When you click "Save," you'll be given a series of API keys: a "Client ID" and a "Client Secret." To generate your "Client Access Token," which is the API key that we'll be using in this notebook, you need to click "Generate Access Token".

The token is just a string of letters and numbers. It'll look something like this:

    6617c28c371f0a138f7912a35365564afe538605
    
That's your "key" for that API. Whenever you make a request to that API, you'll need to include your key in the request. The exact method for including the key will be explained below. (Note: the key above is just something I made up; it's not a valid key; don't try using it in actual requests.)

In [None]:
# sign up for a client access token from Genius

copy and paste your "Client Access Token" into the quotation marks below, and run the cell to save your variable

In [None]:
client_access_token = "5lblo4MzDdH9aqy3iJdTlfMooGt749XVzVNsOevVx_RgAZBLtVzS4G8MCmuh7yf3"

### Making an API Request

Remember: making an API request looks a lot like typing a specially-formatted URL. That's kind of what it is. But instead of getting a rendered HTML web page in return, you get some data in return.

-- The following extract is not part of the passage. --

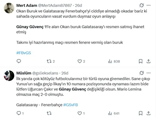 Sezon başından itibaren Uğurcan Çakır’ı ilk 11’de oynatan Buruk, eleştirilerin odak noktası oldu. Bazı taraftarlar, Okan Buruk’un bu tercihi nedeniyle Galatasaray’a ihanet ettiğini belirtti.
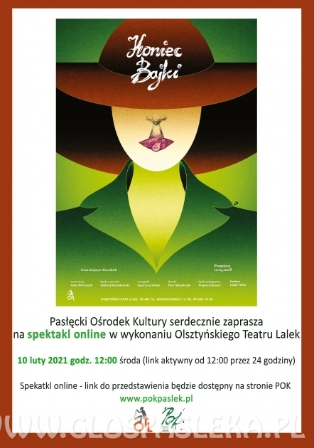 Pasłęcki Ośrodek Kultury serdecznie zaprasza na spektakl w wykonaniu Olsztyńskiego Teatru Lalek pt. Koniec Bajki. Zapowiedź spektaklu do obejrzenia w linku:...

There are a few different ways that we can query the Genius API, all of which are discussed in the [Genius API documentation](https://docs.genius.com/#/getting-started-h1). (In general, an API's documentation will explain how to use the API.) The way we're going to cover in this lesson is the [basic search](https://docs.genius.com/#songs-h2), which allows you to get a bunch of Genius data about any artist or songs that you search for, and it looks something like this:

`http://api.genius.com/search?q={search_term}&access_token={client_access_token}`

Let's break it down. But first, we need to: 

In [None]:
import requests # requests again

Then we need the base URL for the Genius API. We'll assign it like this:

In [None]:
base_url = "http://api.genius.com" # this is the URL for the Genius API; we're just storing it as a string
base_url

'http://api.genius.com'

Up next, we add '/search', which is what we learned about from reading the documentation. It tells the Genius API that we want to do a basic search. We'll add it to the end of the base_url (which is just a string) like so:

In [None]:
search_url = base_url + "/search" 
search_url

'http://api.genius.com/search'

Next, we have '?q={search term}'. 

The "q" is Genius's search paramater; it tells Genius that what follows is what we're searching _for_. Let's search for Beyoncé's mew single, "Break My Soul."

In [None]:
search_term = "Break My Soul" 

Finally, we have '&access_token={client_access_token}'. You've already defined this term above with your own token!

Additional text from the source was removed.